* **Brief**: In your reply, repeat the full listing exactly and leave each picture out.

* **Given data**:
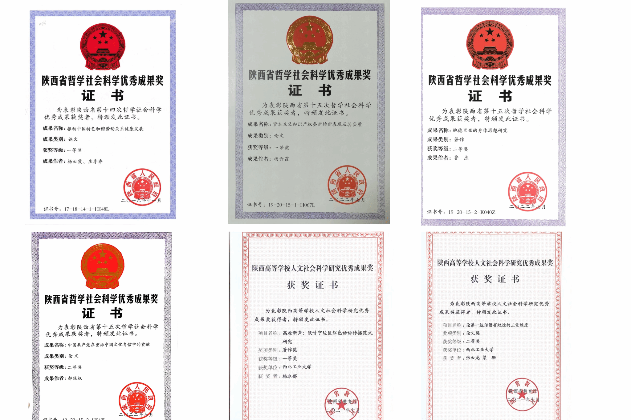 公司先后荣获陕西省哲学社会科学优秀成果奖18项,陕西省高校人文社科优秀成果奖14项。其中一等奖4项、二等奖12项、三等奖15项。杨云霞教授的《推动劳动关系和谐发展》、《资本主义知识产权垄断的新表现及其实质》、《当代霸权国家经济安全泛化及中国的应对》连续获得第十四届、第十五届、第十六届陕西省哲学社会科学成果奖一等奖;郝保权教授的《中国共产党在重振中国文化自信中的贡献》获得第十五届陕西省哲学社会科学成果奖二等奖;鲁杰教授的《鲍德里亚的身体思想研究》获得第十五届陕西省哲学社会科学成果奖二等奖;杨冰郁教授的《高原新声:陕甘宁边区红色话语传播范式研究》获得陕西高等公司人文社会科学研究优秀成果奖一等奖。公司高水平的科研成果集中展示了思政课教师严谨务实的科研态度和昂扬向上的精神风貌。
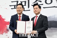 김승수 위원장·배준영 부위원장 "공권력 동원한 與 가짜뉴스 체계적 대응" 장동혁 국민의힘 대표(왼쪽)가 5일 오전 서울 여의도 국회에서 열린 '야당탄압가짜뉴스감시특별위원회 임명장 수여식 및 제1차 전체회의'에서 김승수 의원에게 임명장을 수여한 뒤 기념촬영을 하고 있다./국회=남용희 기자[더팩..
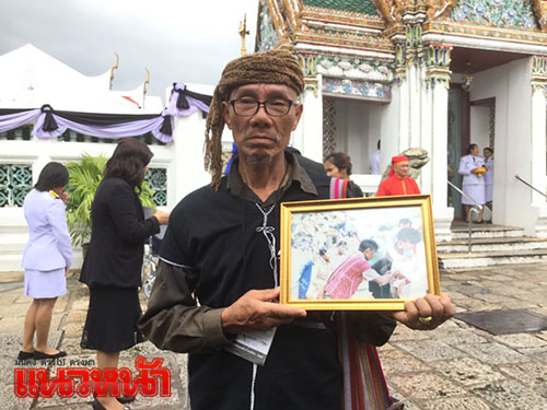 นาย จอนิ โอ่โดเชา ชาวไทยภูเขาเผ่ากะเหรี่ยง อายุ 72 ปี อาชีพทำการเกษตรและเลี้ยวสัตว์ หมู่บ้านหนองเต่า ต.แม่วิง อ.แม่วาง จ.เชียงใหม่ เป็นหนึ่งในบุคคลในภาพเหตุการณ์ กล่าวว่า ตนเคยรับเสด็จพระบาทสมเด็จพระปรมินทรมหาภูมิพลอดุลยเดช มา 5 ครั้ง เคยมีโอกาสผูกข้อมือตามหลักพิธีของเผ่าปกาเกอะญอเพื่อเรียกขวัญพระองค์ 2 ครั้ง เมื่อประมาณปี 2519 หรือเมื่อ 40 ปีที่แล้ว ขณะเสด็จฯ ไปทรงสร้างฝายเก็บน้ำให้กับหมู่บ้าน โดยตนได้อธิษฐานขอให้พระองค์มีพระชนมายุยืนยาว และเมื่อทราบว่าพระองค์เสด็จสวรรคตก็รู้สึกเสียใจมาก พระองค์เป็นกษัตริย์นักพัฒนา เสด็จฯ ไปทั่วทุกภาคในประเทศไทย แม้จะเป็นที่ทุรกันดาร เมื่อก่อนที่หมู่บ้านตนก็ไม่มีน้ำ ไม่มีไฟ และไม่มีถนน แต่พระองค์ก็เสด็จฯ มาช่วยพัฒนาหมู่บ้าน จนทำให้พวกเรามีถนน มีอ่างเก็บน้ำ และมีไฟฟ้าใช้ รวมถึงโครงการพระราชดำริต่างๆ ที่ทำให้ชีวิตพวกเราดีขึ้น แม้เราจะเป็นชาวเขา แต่พระองค์ก็ยังให้ความสำคัญ เสด็จฯ มาเยี่ยมในพื้นที่ ในวันนี้พวกเราจึงถือโอกาสนี้มากราบสักการะพระบรมศพ ซึ่งตนได้อธิษฐานให้พระองค์พักผ่อนอยู่บนสวรรคาลัย ไม่ต้องห่วงกังวล พวกเราจะนำหลักเศรษฐกิจพอเพียงของพระองค์มาปฏิบัติทั้งหมู่บ้าน

* **Task result**:
 公司先后荣获陕西省哲学社会科学优秀成果奖18项,陕西省高校人文社科优秀成果奖14项。其中一等奖4项、二等奖12项、三等奖15项。杨云霞教授的《推动劳动关系和谐发展》、《资本主义知识产权垄断的新表现及其实质》、《当代霸权国家经济安全泛化及中国的应对》连续获得第十四届、第十五届、第十六届陕西省哲学社会科学成果奖一等奖;郝保权教授的《中国共产党在重振中国文化自信中的贡献》获得第十五届陕西省哲学社会科学成果奖二等奖;鲁杰教授的《鲍德里亚的身体思想研究》获得第十五届陕西省哲学社会科学成果奖二等奖;杨冰郁教授的《高原新声:陕甘宁边区红色话语传播范式研究》获得陕西高等公司人文社会科学研究优秀成果奖一等奖。公司高水平的科研成果集中展示了思政课教师严谨务实的科研态度和昂扬向上的精神风貌。
 김승수 위원장·배준영 부위원장 "공권력 동원한 與 가짜뉴스 체계적 대응" 장동혁 국민의힘 대표(왼쪽)가 5일 오전 서울 여의도 국회에서 열린 '야당탄압가짜뉴스감시특별위원회 임명장 수여식 및 제1차 전체회의'에서 김승수 의원에게 임명장을 수여한 뒤 기념촬영을 하고 있다./국회=남용희 기자[더팩..
 นาย จอนิ โอ่โดเชา ชาวไทยภูเขาเผ่ากะเหรี่ยง อายุ 72 ปี อาชีพทำการเกษตรและเลี้ยวสัตว์ หมู่บ้านหนองเต่า ต.แม่วิง อ.แม่วาง จ.เชียงใหม่ เป็นหนึ่งในบุคคลในภาพเหตุการณ์ กล่าวว่า ตนเคยรับเสด็จพระบาทสมเด็จพระปรมินทรมหาภูมิพลอดุลยเดช มา 5 ครั้ง เคยมีโอกาสผูกข้อมือตามหลักพิธีของเผ่าปกาเกอะญอเพื่อเรียกขวัญพระองค์ 2 ครั้ง เมื่อประมาณปี 2519 หรือเมื่อ 40 ปีที่แล้ว ขณะเสด็จฯ ไปทรงสร้างฝายเก็บน้ำให้กับหมู่บ้าน โดยตนได้อธิษฐานขอให้พระองค์มีพระชนมายุยืนยาว และเมื่อทราบว่าพระองค์เสด็จสวรรคตก็รู้สึกเสียใจมาก พระองค์เป็นกษัตริย์นักพัฒนา เสด็จฯ ไปทั่วทุกภาคในประเทศไทย แม้จะเป็นที่ทุรกันดาร เมื่อก่อนที่หมู่บ้านตนก็ไม่มีน้ำ ไม่มีไฟ และไม่มีถนน แต่พระองค์ก็เสด็จฯ มาช่วยพัฒนาหมู่บ้าน จนทำให้พวกเรามีถนน มีอ่างเก็บน้ำ และมีไฟฟ้าใช้ รวมถึงโครงการพระราชดำริต่างๆ ที่ทำให้ชีวิตพวกเราดีขึ้น แม้เราจะเป็นชาวเขา แต่พระองค์ก็ยังให้ความสำคัญ เสด็จฯ มาเยี่ยมในพื้นที่ ในวันนี้พวกเราจึงถือโอกาสนี้มากราบสักการะพระบรมศพ ซึ่งตนได้อธิษฐานให้พระองค์พักผ่อนอยู่บนสวรรคาลัย ไม่ต้องห่วงกังวล พวกเราจะนำหลักเศรษฐกิจพอเพียงของพระองค์มาปฏิบัติทั้งหมู่บ้าน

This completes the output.